Hi im new to owning fish but defiantly not pets and care, i am a reptile expert and own alot of reptiles. i want a saltwater tank with some different kinds of fish. I went to petsmart the other day and almost everyone of their fish are grey or gold and boring. I work at a different pet store and i have browsed through our wholesaler book and i know theres some cool fish out there. I was thinking of getting a shrimp, a seahorse, a puffer, and a gravel eater. The gravel eater, i have no clue of the name, i saw it at a fish store the other day, it was eating the gravel and then dropping it through its gills or neck idk. I dont know what compatible with each other so thats why i came here. I just want a aquarium with really neat looking creatures. Any ideas?


----------



## karazy (Nov 2, 2007)

a seahorse is definatley a nono for a begginer in sw. and also you have to decide f your willing to put alotof money in it, like my 29 gallon in gonna end up being 1000 bucks in total, and i wish i could have got a bigger tank


----------



## 0din (Jan 12, 2008)

money isnt really a problem for my, i have nothing to spend the money on and i have a bunch
and thats fine if no seahorse. and i think i might try to make a tiny reef. im going to get around a 40+ gallon tank


----------



## flamingo (Nov 5, 2005)

0din, I would suggest learning the basics of fishkeeping first.
You sound pretty eager to get into it, but at the same time, completely new to all this . If you look at the top of the forum category, there are a few stickies that should "generally" answer the most basics aspects. Along with that, there are multiple books, such as the conscientious marine aquarist (?), and sites like WetWebMedia, that have an amazing amount of topics. Since your starting with a freshwater, and a saltwater, I would suggest going with the freshwater side first, then switching over after you've had a general amount of time to get used to fishkeeping.

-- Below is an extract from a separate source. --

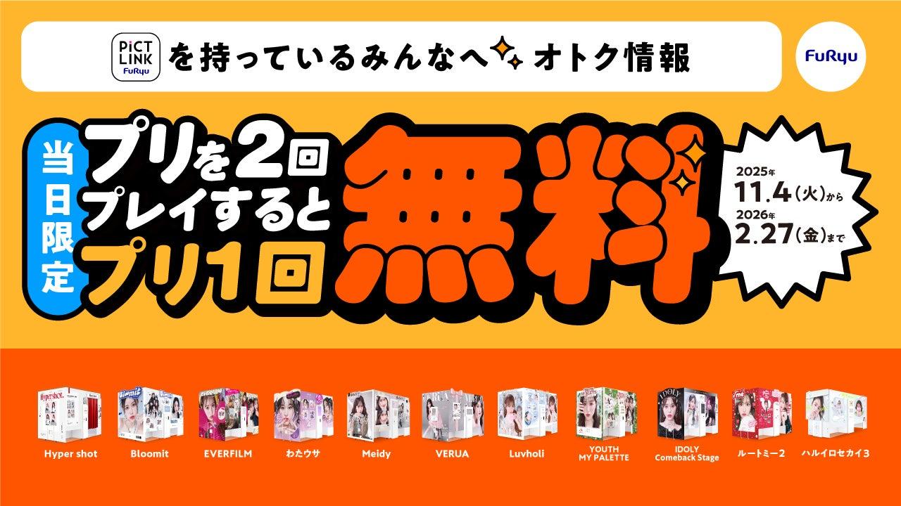 フリュー株式会社は、全国のアミューズメント施設に設置する対象のプリントシール(プリ)機にて『当日3回目お得サービス』を11月4日(火)から2026年2月27日(金)の期間限定で実施します。
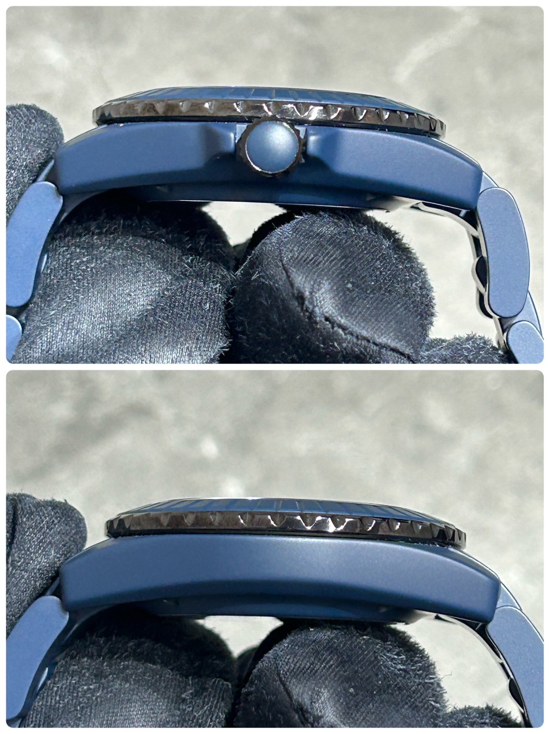ケース、ブレスは新作のマットブルーセラミックに加え、ベゼルインサートもセラミック製で一新されており華やかさが増しております。

Starting with at least a 30g would be best, higher is always better. No seahorses, and the only puffers you could keep would be the Sharpnose, etc. which only reach a size of only around 3 inches. They would be good as a "loner" in a seperate 30g. If you want a "reef" I would go along the lines of the 30g, or a 55, starting out with simple soft corals like mushrooms, zoanthids, xenia, anthellia, etc. Working up from FOWLR to a "reef" would probably help out... Looking over LiveAquaria and getting a general plan would also help us suggest a good route to begin with..

HTH


----------



## Ice (Sep 25, 2006)

First you need to read, read, and read some more as well as tons of research in saltwater aquaria keeping before you even try to attempt to start a SW tank. It will give an idea of exactly what you want to do as far as livestock is concerned. Definitely read up on SW fishes and their compatibilities with other fishes, their requirements, aggressiveness, etc ...

One thing though - do not even think about tangs or triggers in tanks smaller than 125 gallons. Good luck.


----------